[TASK BRIEF]
A faithful copy of the listing below is needed, one that contains no pictures.

*** Opening of GIVEN INFORMATION ***

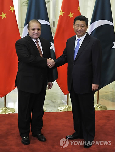| △ 지난해 11월 중국 베이징에서 열린 아시아태평양경제협력체(APEC) 정상회의 참석차 중국을 방문한 나와즈 샤리프(왼쪽) 파키스탄 총리와 시징핑 중국 국가주석이 악수하고 있다.(EPA=연합뉴스DB) |
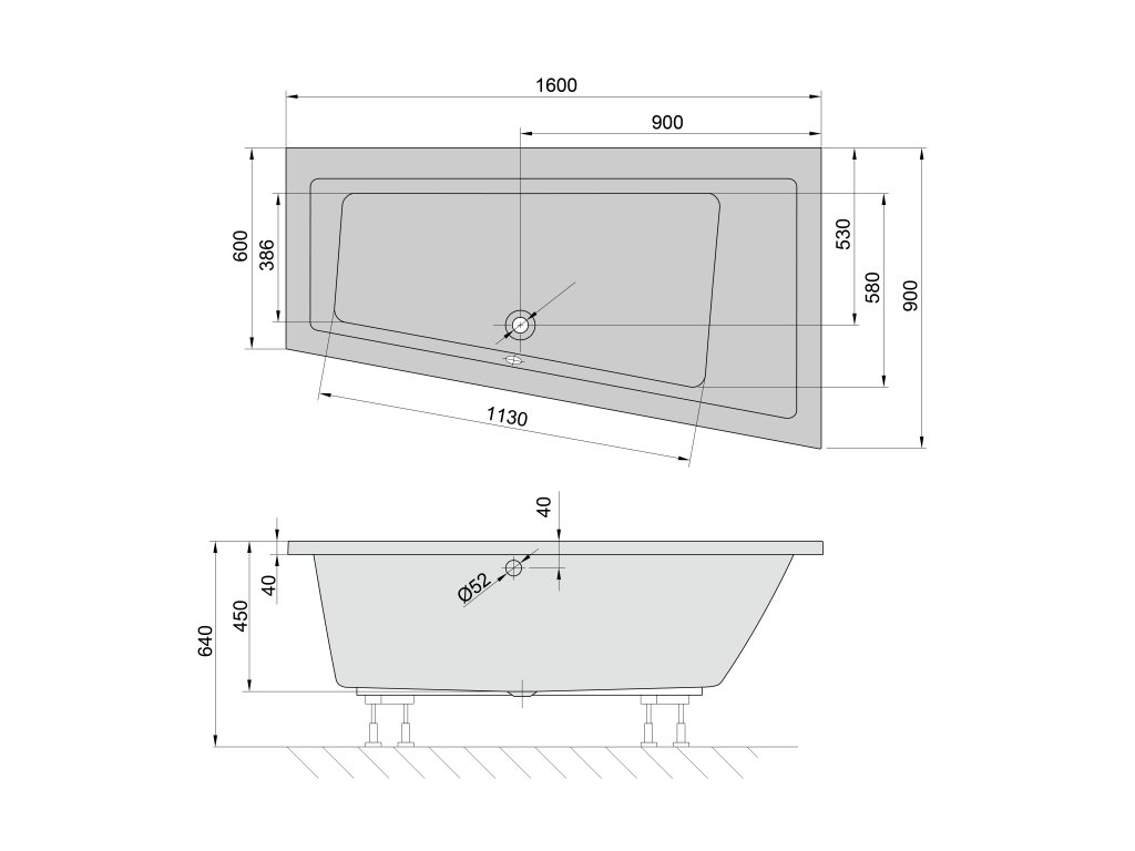Polysan ANDRA R asymetrická vaňa 160x90x45cm, šedá 81541.3
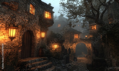 Enchanting old town street scene with glowing lanterns and stone buildings

*** Close of GIVEN INFORMATION ***

[REPLY]
| △ 지난해 11월 중국 베이징에서 열린 아시아태평양경제협력체(APEC) 정상회의 참석차 중국을 방문한 나와즈 샤리프(왼쪽) 파키스탄 총리와 시징핑 중국 국가주석이 악수하고 있다.(EPA=연합뉴스DB) |
Polysan ANDRA R asymetrická vaňa 160x90x45cm, šedá 81541.3
 Enchanting old town street scene with glowing lanterns and stone buildings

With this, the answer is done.